To Amaziah’s rash challenge the king of Israel makes a scornful reply by the language of a parable. He says: “The thistle that was in Lebanon (Amaziah) sent to the cedar that was in Lebanon (himself, Joash), saying, Give thy daughter to my son to wife: and there passed by a wild beast that was in Lebanon (Jo-ash’s army), and trode down the thistle.” And he adds, “Thou sayest [to thyself], Lo, thou hast smitten the Edomites—and thy heart lifteth thee up to boast. Abide now at home; why shouldest thou meddle to thy hurt, that thou shouldest fall, even thou, and Judah with thee?” Good, sound advice, this. “But Amaziah would not hear; for it came of God, that He might deliver them into the hand of their enemies, because they sought after the gods of Edom. So Joash the king of Israel went up; and they saw one another in the face, both he and Amaziah king of Judah, at Beth-shemesh, which belongeth to Judah. And Judah was put to the worse before Israel, and they fled every man to his tent. And Joash the king of Israel took Amaziah king of Judah, the son of Joash, the son of Jehoahaz, at Beth-shemesh, and brought him to Jerusalem, and brake down the wall of Jerusalem from the gate of Ephraim to the corner gate, four hundred cubits.” This is the first time the walls of Jerusalem had ever been injured. It was on the north—the only side from which the city is easily accessible. Josephus (IX., 9, § 9) states that Joash gained entrance into the city by threatening to kill their captive king if the inhabitants refused to open the gates. The victorious Joash now took all the gold and silver, and the holy vessels, and all the treasures that were found in the temple and the king’s house; he took hostages also, and returned to Samaria.

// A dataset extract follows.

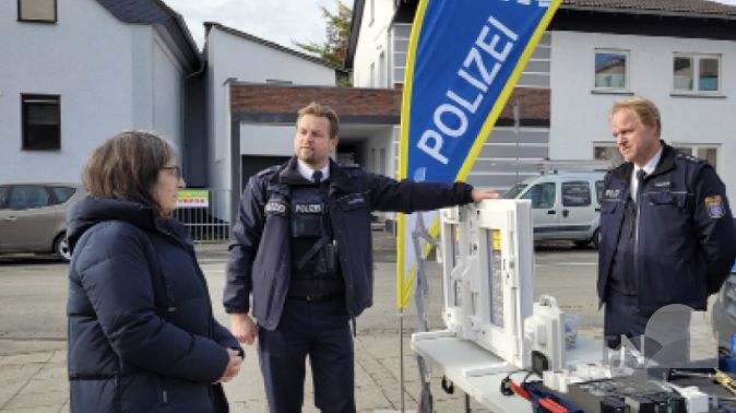 Mit Beginn der dunklen Jahreszeit informierten Präventionsrat, Stadtpolizei, Seniorensicherheitsberaterinnen und -berater sowie Landespolizei am Mittwoch vergangener Woche auf dem Eschborner Wochenmarkt zum Schutz vor Wohnungseinbruch. Der kriminalpolizeiliche Berater Jürgen Seewald (rechts) zeigte Anschauungsmaterial und gab praktische Tipps zur Sicherung von Türen und Fenstern. Als „Schutzmann vor Ort“ stand Polizeihauptkommissar Christian Schneider für Fragen zur Verfügung. Erste Stadträtin Bärbel Grade besuchte den Stand und tauschte sich mit den beiden Polizisten aus.Foto: Stadt Eschborn

Amaziah lived more than fifteen years after his humiliating defeat and capture by the king of Israel. He died by violence, like his father and grandfather before him. “Now after the time that Amaziah did turn away from following the Lord they made a conspiracy against him in Jerusalem; and he fled to Lachish: but they sent to Lachish after him, and slew him there. And they brought him upon horses, and buried him with his fathers in the city of Judah,” or of David. His “turning away from following the Lord” was probably his final and complete apostasy from Jehovah God of Israel; not when he first bowed down to the gods of Seir, which was the beginning of his downward course. Lachish was the first of the cities of Judah to adopt the idolatries of the kingdom of Israel (“the beginning of the sin to the daughter of Zion: for the transgressions of Israel were found in thee,” Micah i: 13), and it was natural for the idolatrous Amaziah to seek an asylum there. They brought his body back to Jerusalem on horses, as they would a beast. (Contrast Acts 7:16.) His name means “strength of Jah”; but we read, “he strengthened himself” (2 Chron. 25:n); his character of self-sufficiency thus belying his name—a thing not uncommon in our day, especially among a people called “Christians.” He was assassinated at the age of fifty-four. His mother’s name, “Jehovah-pleased,” would indicate that she was a woman of piety; and it may be that it was due to her influence that he acted righteously during the earlier portion of his reign. The record of his reign has the same sad monotony of so many of the kings of Judah at this period—”his acts first and last”—the first, full of promise; and the last, declension, or apostasy. “Wherefore let him that think-eth he standeth take heed lest he fall.”